Following the inauguration of South Korea's new president, Roh Moo-hyun, the spotlight will be on his relationship with the country's huge family-run business conglomerates. A pledge to curb the power of such firms, known as chaebol, was a key theme in his election campaign.
An early confrontation therefore seems likely with the biggest chaebol of them all, Hyundai, which has been implicated in a scandal over secret cash payments to the government of North Korea ahead of the Sunshine summit of 2000.
The row over the payments has shed new light on what was really going on in the run up to the summit, which had been seen as the previous administration's crowning political achievement, and at the time seemed to signal a new era of political reconciliation between North and South.
Soured
The new president has signalled a more sceptical line in dealings with North Korea, making it hard to see how he can avoid handing out some kind of punishment to Hyundai.
At the weekend, the vice-chairman of another big South Korean company, SK, was arrested in a deepening scandal over illicit dealings on the Seoul stock market.
That could stiffen the new president's resolve to bring wayward business leaders to heel.
The Hyundai scandal has left the Sunshine summit, which once seemed like a political breakthrough, tainted by association with a clandestine business deal.
Behind the scenes
Hyundai has admitted providing Pyongyong with $500m three years ago.

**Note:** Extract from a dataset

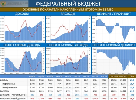 По данным Минфина в ноябре фед.бюджет был исполнен с небольшим дефицитом: -169 млрд; по итогам 11М24: -389 млрд.

The money bought Hyundai the right to build a tourist leisure complex and a business park in North Korea, and also played a role in securing the North's co-operation for ex-South Korean leader Kim Dae-jung's policy of reconciliation.
Kim Dae-jung has recently admitted the payments were made with his government's knowledge.
In February 2003, the policy of reconciliation led to the opening of the overland border between the two Koreas for the first time since the Korean war ended half a century ago.
Around 100 Hyundai officials and invited guests took the first bus journey from South Korea for a 50-minute journey along a dirt road towards the scenic resort of Mount Kumgang in the North.
The trip was envisaged as the first step towards regular overland tourist trips to Mount Kumgang, or Diamond Mountain, which has been developed as a resort by Hyundai Asan.